Author list in alphabetical order; see https://www.ams.org/profession/leaders/culture/CultureStatement04.pdf. This work was supported by the Commission of the European Communities through the Horizon 2020 program under project number 645622 (PQCRYPTO) and project number 645421 (ECRYPT-CSA); by the Netherlands Organisation for Scientific Research (NWO) under grant 639.073.005; by the U.S. National Institute of Standards and Technology under grant 60NANB10D263; by the U.S. National Science Foundation under grants 1314919, 1408734, 1505799, and 1513671; and by a gift from Cisco. P. Lou was supported by the Rachleff Scholars program at the University of Pennsylvania. We are grateful to Cisco for donating much of the hardware used for our experiments. “Any opinions, findings, and conclusions or recommendations expressed in this material are those of the author(s) and do not necessarily reflect the views of the National Science Foundation” (or other funding agencies).

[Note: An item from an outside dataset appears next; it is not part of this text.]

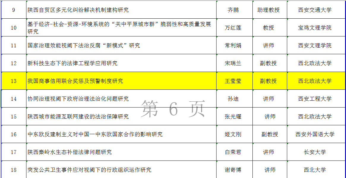 近日,陕西省哲学社会科学工作办公室公布了2020年陕西省社会科学基金年度项目拟立项项目名单,英超联赛88直播 王莹莹副教授主持的《我国商事信用联合奖惩及预警制度研究》课题获得法学学科立项。
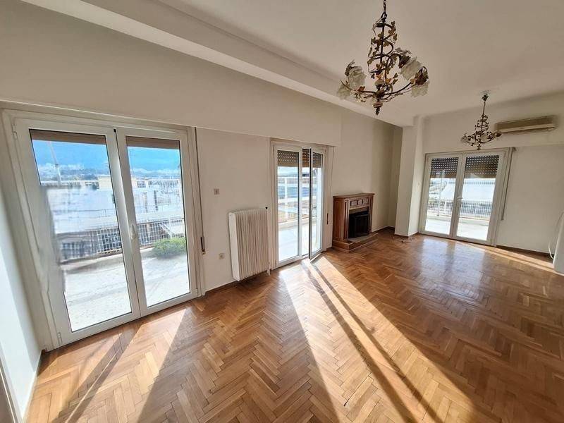 Ilisia - Apartment 88sqm bedrooms 2, levels 1, 5th (88sqm, 2 bedrooms, living room, dinning room, kitchen, bathroom), penthouse, partly renovated, year built 1976, energy class E, living room, hall, kitchen, bathroom, heating type: central (oil), quiet, unobstructed view, frontage, fireplace, balconies, large balconies, elevator, aluminum frames, double glazed windows, wood & marble floors, separate kitchen, secure door, residential zone, eastern orientation, investment property, close to bus stop (up to 200m), close to school (up to 500m), close to market (up to 500m).

Permanent ID of this document: aaf273785255fe95feca9484e74c7833. Date: 2017.04.23.

Appendices

A Appendix: Implementation Barriers and Details

Extending GMP’s Integer Capacity. The GMP library uses hard-coded 32-bit integers to represent sizes in multiple locations in the library. Without any modifications, GMP supports \(2^{37}\)-bit integers on 64-bit machines [25]. To represent large values, we extended GMP’s capacity from 32-bit integers to 64-bit integers by changing the data typing in GMP’s integer structure, mpz. Namely, we changed mpz_size and mpz_alloc from int types to int64_t types. To accommodate increased memory usage, we increased the bound for GMP’s memory allocation for the mpz struct in realloc.c to LLONG_MAX. The final modifications we made were to create binary-format I/O functions for 64-bit mpzs, namely in mpz_inp_out.c and mpz_out_raw.c.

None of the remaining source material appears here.